LONDON (Reuters) - More than five years since global foreign exchange (FX) trading was tainted by a rigging scandal, a handful of banks are more dominant than ever and show no sign of weakening their grip on the $5.1 trillion-a-day electronic market.
But below the radar a new breed of start-ups is seeking to break their hegemony by pursuing the smaller but higher-margin customer-facing FX business used by asset managers, pension funds and insurance companies.
Data analytics firm Coalition estimates the bulk of daily flows are between banks and the majority are likely to remain with the big lenders, notably Citi, JPMorgan, Bank of America Merrill Lynch, HSBC and UBS who together hold almost 45% of worldwide FX trading, up from around 35% in 2012.
The upstarts say banks can read trading patterns to obtain higher prices from asset managers, who should instead save millions of dollars a year, as much as 50% in FX trading costs, by trading directly with each other.
The cost of trading depends on size, currency, liquidity and the time of day. For a $25 million transaction in euro/dollar, a mid-sized asset manager can pay a spread of 1 to 2 “pips” for trading via a large bank, which equates to $5,000.
Banks, who often use FX trading to win more lucrative business such as structured products, hedging solutions and treasury services, say that their dominance and creditworthiness allow them to offer clients the best prices in the safest way.
“We can also match more liquidity internally, allowing us to secure better pricing for clients than if we always had to go out to the market as those smaller companies have to,” said Richard Anthony, HSBC’s Global Head of FX eRisk.
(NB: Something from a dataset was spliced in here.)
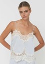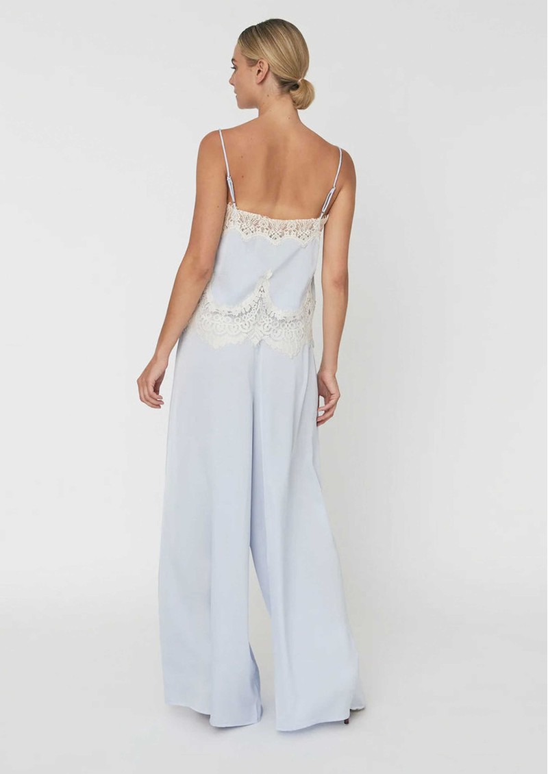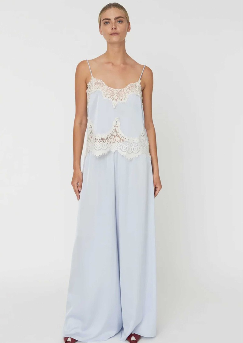 The Stella Nova Delicate Lace Top in dust blue is a graceful camisole designed with fine lace details along the neckline and hem, and adjustable straps for a customised fit. Made from lightweight recycled polyester, it drapes beautifully for a soft, feminine silhouette.

Nevertheless, there are now 80 or more venues trading FX, with one or two launching each year, Marketfactory, a firm that offers clients an interface to trade on them, says.
This is largely because technology costs, previously a major barrier to entry, have dropped, with the Bank of International Settlements estimating that developing a trading platform costs $5-$10 million, versus $100-$150 million in the early 2000s.
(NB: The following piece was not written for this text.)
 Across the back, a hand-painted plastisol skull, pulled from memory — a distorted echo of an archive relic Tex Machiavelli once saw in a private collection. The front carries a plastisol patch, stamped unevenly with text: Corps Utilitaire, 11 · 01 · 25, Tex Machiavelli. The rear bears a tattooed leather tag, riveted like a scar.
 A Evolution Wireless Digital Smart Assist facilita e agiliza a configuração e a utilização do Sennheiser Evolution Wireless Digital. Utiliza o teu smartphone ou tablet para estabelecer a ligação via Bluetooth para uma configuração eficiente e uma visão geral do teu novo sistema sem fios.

One preparing to go live this year is New York-based FX HedgePool whose founder Jay Moore said banks include costs such as credit and market risk transfer, capital, technology, platform fees and staff salaries in their quotes.
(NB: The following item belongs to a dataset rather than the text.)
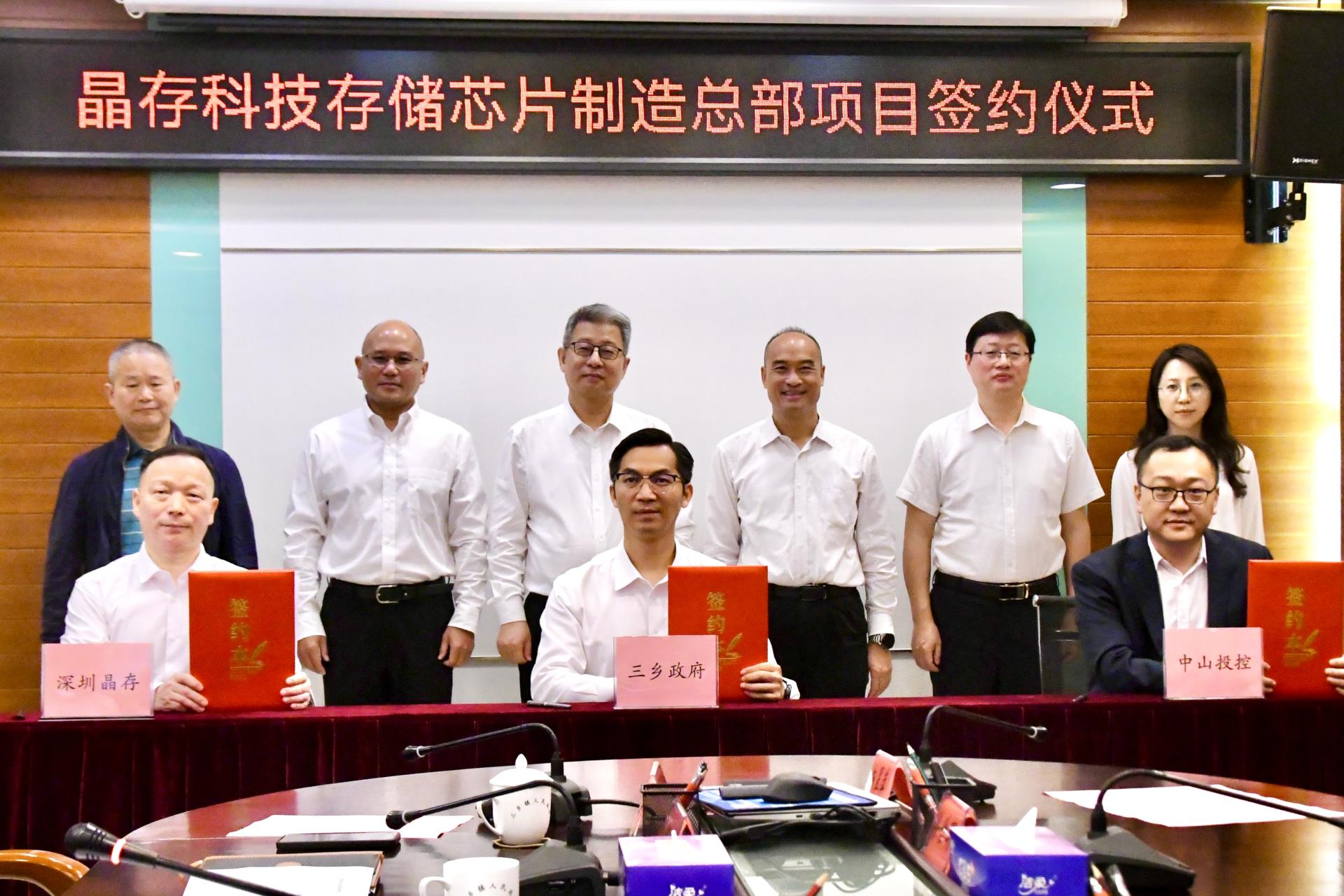 4月3日,深圳市晶存科技有限公司(以下简称“晶存科技”)、三乡镇人民政府、中山市投资控股集团有限公司(以下简称“中山投控”)在三乡镇政府举行晶存科技存储芯片制造总部项目签约仪式。

“We seek to significantly reduce these costs by allowing institutions to source liquidity from each other,” said Moore, who will face competition from platforms like London-based 24 Exchange, which began operating in August.
Investors betting on currencies or hedging stock and bond exposure do so mostly on bank platforms, where they choose from continuously streamed quotes.
Alternatively, they use multi-dealer platforms such as those from Refinitiv or CME, where banks compete on price.
Although a breakdown of bank market shares for serving buy-side customers is not easily available, in London, the world’s biggest forex trading hub, six dealers accounted for 74% of all spot transactions in October 2018, Bank of England data shows.
And in New York four dealers corner three-quarters of spot trading, New York Federal Reserve data shows.
The start-ups argue that while transaction “spreads” on currency trading have plummeted in recent years, investors often pay significantly for “market impact”, the degree to which large, staggered orders can skew market pricing.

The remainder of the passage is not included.